I suffered the dreaded F4 stop error and discovered it was all due to power management.

In the latest install, I have disabled BIOS support for power management on my MSI-7522 mobo (X58 chipset, Core i7-920, 24GB RAM) and selected Performance power profile with no modifications.

System was crashing during the night, always at idle, and research told me a critical thread was being terminated and the system restarted to avoid other unpleasant conditions.

No BIOS PM support, no Windows changes to the performance profile, and the box remained stable for fifteen days. Looks like I found my problem, hope this helps you, too.

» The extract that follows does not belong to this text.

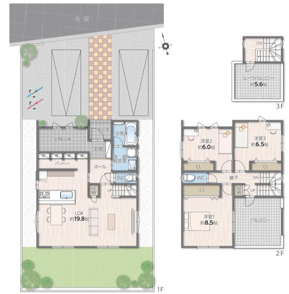 駐車スペース2台🚗🚗+お庭🌳+ゆとりある建物がちゃんと入るサイズ感です。」

  • How can I turn off power management at BIOS? I have looked around at my BIOS but didn't find any of these options. Also, I don't want to change the profile to performance because CPU minimum load is 100% and thus it's working in full load all the time. – Chris Oct 5 '11 at 22:37
  • CE states and stepping are the power mananagement items in the bios, the new boards really work well with theses things, especially stepping is working good even OCed. plus any standby states, how far it can go down on standby S1 S3 not sure if you have them. at the Overclock site, they select only specific CE states for some reason. – Psycogeek Oct 5 '11 at 23:09

BSOD issues come in many shapes and forms and have been covered here, I suggest checking other questions and answers on SuperUser.

In particular because you have the OCZ Agility check my answer here, as it also uses the SandForce controller that's causing issues for a lot of people:

Vertex 3 with Asus P8P67 Pro (B3) locks up

Other debug/BSOD info:

Any advice on what to do when getting a cryptic blue screen in windows?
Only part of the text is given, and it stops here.